Believe me, I empathize with the trials of raising children.  I remember being so tired I couldn’t think straight, feeling like I had not a minute to myself, wondering what happened to the woman I used to be.  I spent years worrying about money after getting divorced, worrying about how to provide a secure home for my children while I was trying to figure out how to pay the mortgage.  I love my children more than life, which gives them the power to hurt me like no one else.  Being a mother is not easy.
But there is a reason why women who have everything in the world want children even more. There is a reason why we keep giving up promising careers and pursuits we love to be mothers.  We say we are doing it for our children, but let me tell you the secret, as one who was once there:  We do it for ourselves.  We do it because, for all its pain, being a mother with their children in her arms is the very best thing in the world, or at least the best thing I ever found.

The problem is that it doesn’t last forever.  A mother, my friend Annie, says, is always only as happy as her least happy child.  I want happiness and good health for my children far, far more than I want them for myself. You don’t love your children any less as they grow older, but you do come to realize, painfully sometimes, that they don’t belong to you .  They have a right to their own lives, and a parent’s job is not to hold on, but to let go.

Now that my children are grown, I’m ready to look for some other source of (lesser)  happiness, and I’m happy to take inspiration from anywhere I can find it.  My favorite are the books by older women, who have the perspective of life’s joys and losses, something I have learned painfully over the years.  But frankly, many of them are just too sad.  So I pick up the memoirs of the young mothers, figuring there will be fewer deaths and tragedies in them. Any they are not nearly as sad.  But they make me want to shake their authors.

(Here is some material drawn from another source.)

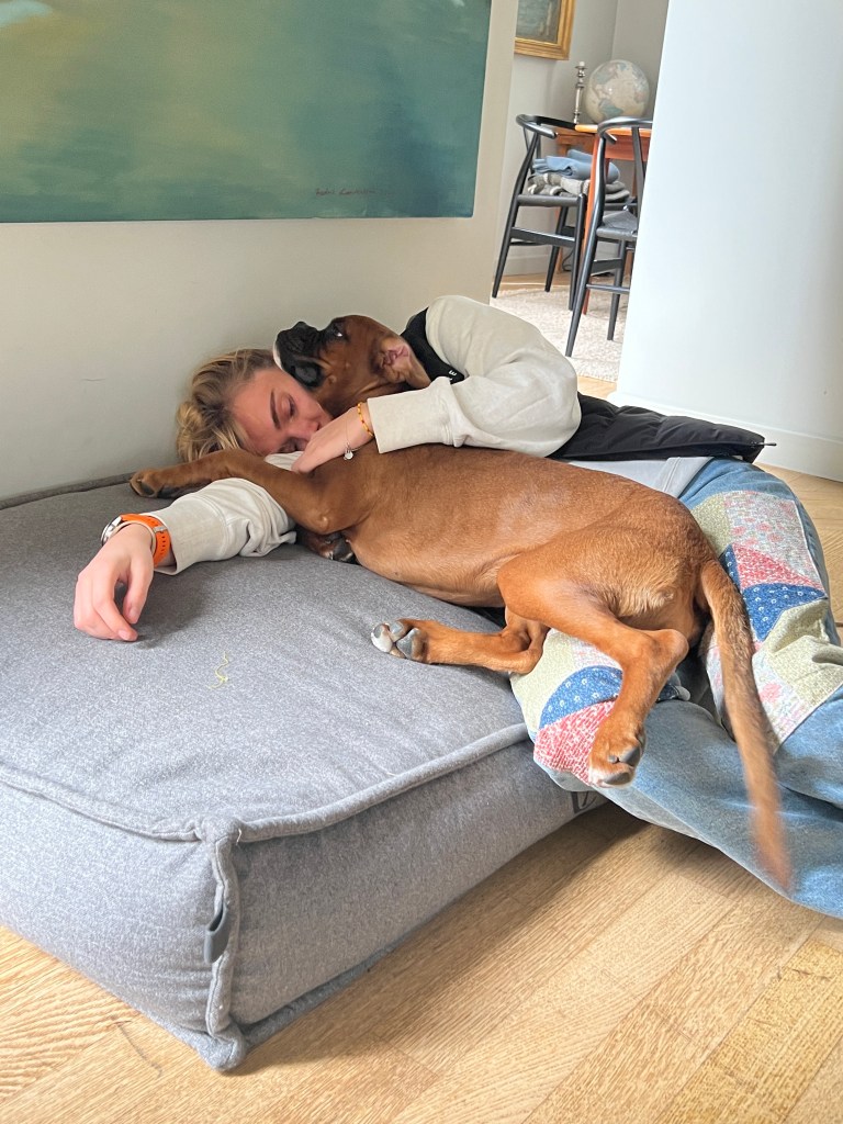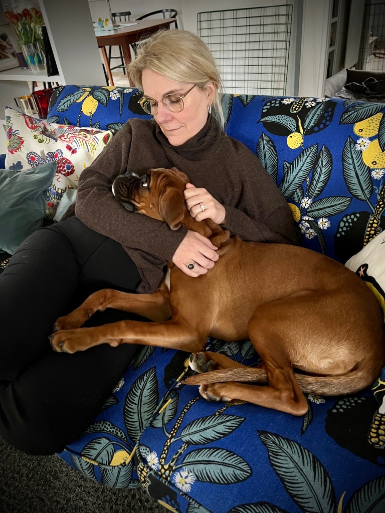 Veronica on the other hand…that’s a whole other story. She’s embarrassing, asking all sorts of ridiculous questions. You’d think she’d never owned a dog before (I’m her 5th Boxer!).

Why do you need a “happiness project” when you have a husband who loves you, plenty of money and two beautiful and healthy children?  Why do you need to “escape” your family when, before you know it, they will be gone? Did someone tell me this 10 or 15 years ago?  Maybe you just can’t hear.  But in case you are one of those mothers and your reading this, let me try:  Wait until your children are my children’s age.  I promise that you will look back and realize that heaven was right there in your house, right there looking at you.